The CPCC has also embarked on a technological challenge to their premise that all technology capable of recording should be taxed. It’s an observable fact that technical advancement has outdistanced all legislative processes. It’s not likely that this is going to change any time soon. So holes will appear faster than any effort to suppress, tax or prevent.

This will make the legal profession the only winner in this never-ending trip to the docket and the legal billable hour. The public, CPCC and the artist all lose. Well, maybe the government wins too.

George Rafael


Re: Archive: December 1999 — The Y2K worm threat (Dec. 5)

It is difficult to fathom that the “”Business Staff”” of a supposedly responsible IT publication would present its ignorance with such abandon in its article on Y2K perspectives in 1999. To say: “”But, as we all know, naught (or next to naught) came from this IT scare”” is to proclaim that none of you were on the ground in the late ’90s. You are acknowledging that you don’t understand the nature of the problem, or the degree to which it had permeated mission-critical systems over the previous decades. You are proudly trumpeting that you are totally oblivious to the very necessary and legitimate remedial work that was undertaken in order to avoid what would have been an untold number of logistic catastrophes.

The fact that “”next to naught”” came from this “”scare”” is not, as you sneeringly suggest, because the scare was a hoax (“”Ooh, Y2K is coming and we’re all screwed””), but only because of the investment that organizations made in time and money to deal with a very real problem.
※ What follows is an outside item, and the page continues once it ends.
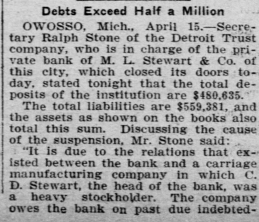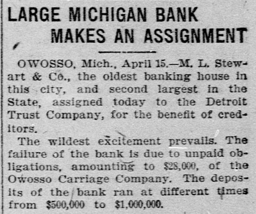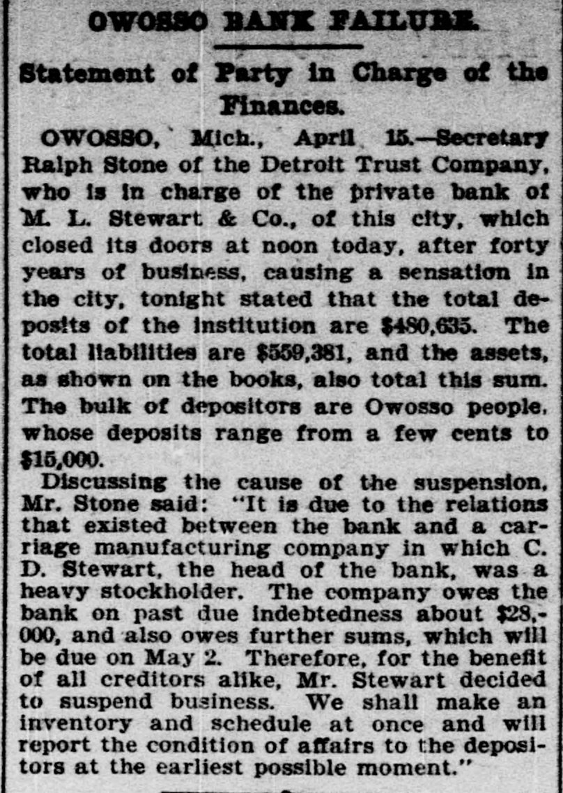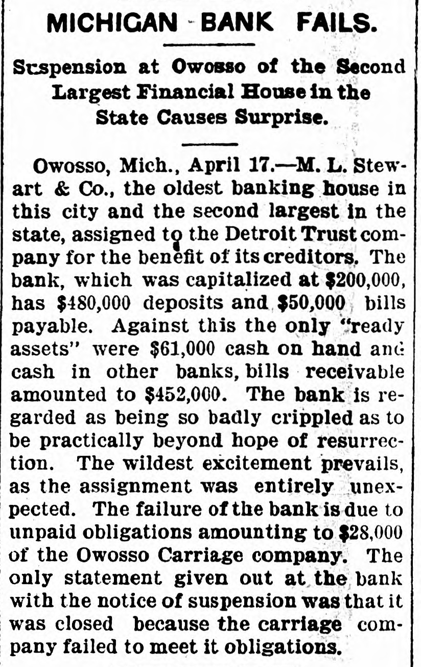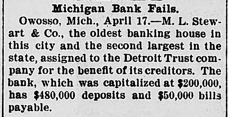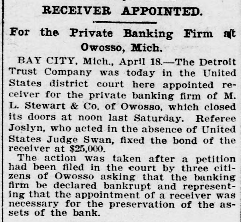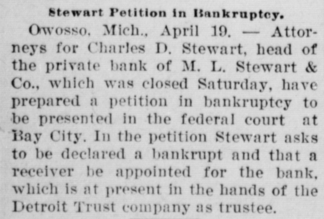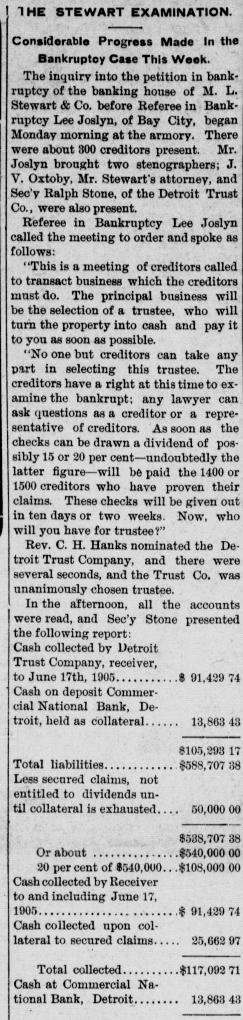 NEWS IN SHORT ORDER. The Latest Happenings Condensed for Rapid Reading. Domestic. The Detroit Trust Company was, in the United States District Court in Bay City, Mich., appointed receiver for the private banking firm of M. L. Stewart & Co., of Owosso, which closed its doors. The Northern Securities Company filed with the Secretary of State at Trenton, N. J., articles providing for the reduction of the capital stock from $395,400,000. James Colin, mate of the steamer Queen City, was arrested at Bellair charged with the murder of Fred Norton, a deck hand, whom he knocked overboard. At a meeting of strikers at San Juan, Porto Rico, an American flag was trampled upon and the mob attacked the police. John Lans tried to shoot his wife and sister-in-law in Somerset. He hit his father-in-law, and then killed himself. Edward Sweders, a member of Edna May's Company, shot his wife and himself in a Philadelphia boarding-house. Chester Bell was fined $25 and costs in Muncie, Ind., for having cigarette paper in his pocket. Suit was instituted to restrain Superintendent of Insurance Hendricks, of New York, from acting on the proposed amended charter of the Equitable Society. New York steamboat inspectors reported that the passenger steamer John H. Starin carried loaded cartridges. The captain's license was taken away. W. H. Worth and Henry King were arraigned in Elyria, O., on the charge of operating bucket-shops at Lorain and pleaded not guilty. The Supreme Court in Philadelphia, by a vote of 4 to 3, decided that Mrs. Catharine Danz must hang for the murder of her husband. The stockholders of the United States Steel Corporation re-elected the eight retiring directors at the meeting in Hoboken, N. J. Thomas C. Haynes, secretary of the Rand-McNally Company, committed suicide at the Marquette Club, in Chicago. William Smith, I6 years old, shot Elizabeth Ohlsen, 16 years old, in New York, because she refused to marry him. A woman was thrown out of a runaway motor car in New York and a boy run over. The nude body of Annie Kintop was discovered near Little Falls, Minn., with every indication of the woman having been murdered after a violent struggle. Posses are searching for two negroes who were seen in the vicinity of the crime. For the first time in six years all places of business in St. Louis, including saloons, restaurants, cigar stands, barber shops and bookblack stands, were closed tightly Sunday. Trustee Lord, of the Miller 520 per cent. syndicate, has brought suit in New York to recover $170,000 left by Edward Schlesinger, one of the syndicate, who died abroad. Mrs. Howard Dunham, of Norristown, Pa., secured a verdict of $10,000 from Miss E. Winnie McMichael for alienating the affections of her husband. In a head-on collision between two freight trains on the Erie Railroad two firemen were killed. The engineers saved their lives by jumping. Dr. Bainbridge delivered a lecture at the New York Skin and Cancer Hospital on "Cancer, Its Growth, Causes and Cure." Governor Folk, of Missouri, has pardoned a young man of 22 years on condition that he give up whisky and cigarettes. After having been in the courts for five years, a suit involving 76 barrels of cider has been settled in Haverhill, Mass. Thomas W. Lawson says he has been planning a company to offer gas at 75 cents to New York consumers. There have been four victims of knockout, drops in Allentown, Pa., within a week. Gen. Fitzhugh Lee, of Virginia, president of the Jamestown Exposition, called upon Governor Higgins, at Albany, and secured his co-operation for New York's participation in the Exposition. Foreign.

What it over-hyped? Perhaps. Was the reaction to the hype excessive, bordering on silly? Probably. Should there have been a problem in the first place? Clearly not.But there was a problem, and it was real and it was only through real work that it was contained. You owe an apology to everyone who was intelligent enough to raise the alarms, and to everyone who drove it to ground.

Perhaps I shouldn’t be so critical. Perhaps your “”business staff”” wasn’t in the workforce in the late ’90s. Judging by the comments, my guess would be: struggling to get out of Grade 7.

Ken West

Re: Archive: December 1999 — The Y2K worm threat (Dec. 5)

The comment “”But, as we all know, naught (or next to naught) came from this IT scare.”” is at best amusing. Perhaps one incident out of many would change your mind?

I suggest you read the following report. It’s long, but in the interests of telling the history of Y2K honestly it would seem like a good idea.

You might also want to read some of the news coverage related to this little Y2K error. There wasn’t much. The report came out on Sept 10, 2001. and I guess it was pushed from the media coverage for some strange reason.

That this article and these comments would be made in an IT publication baffle me. I expect this type of silliness from the mainstream media, but not from a publication which is supposed to represent the IT industry.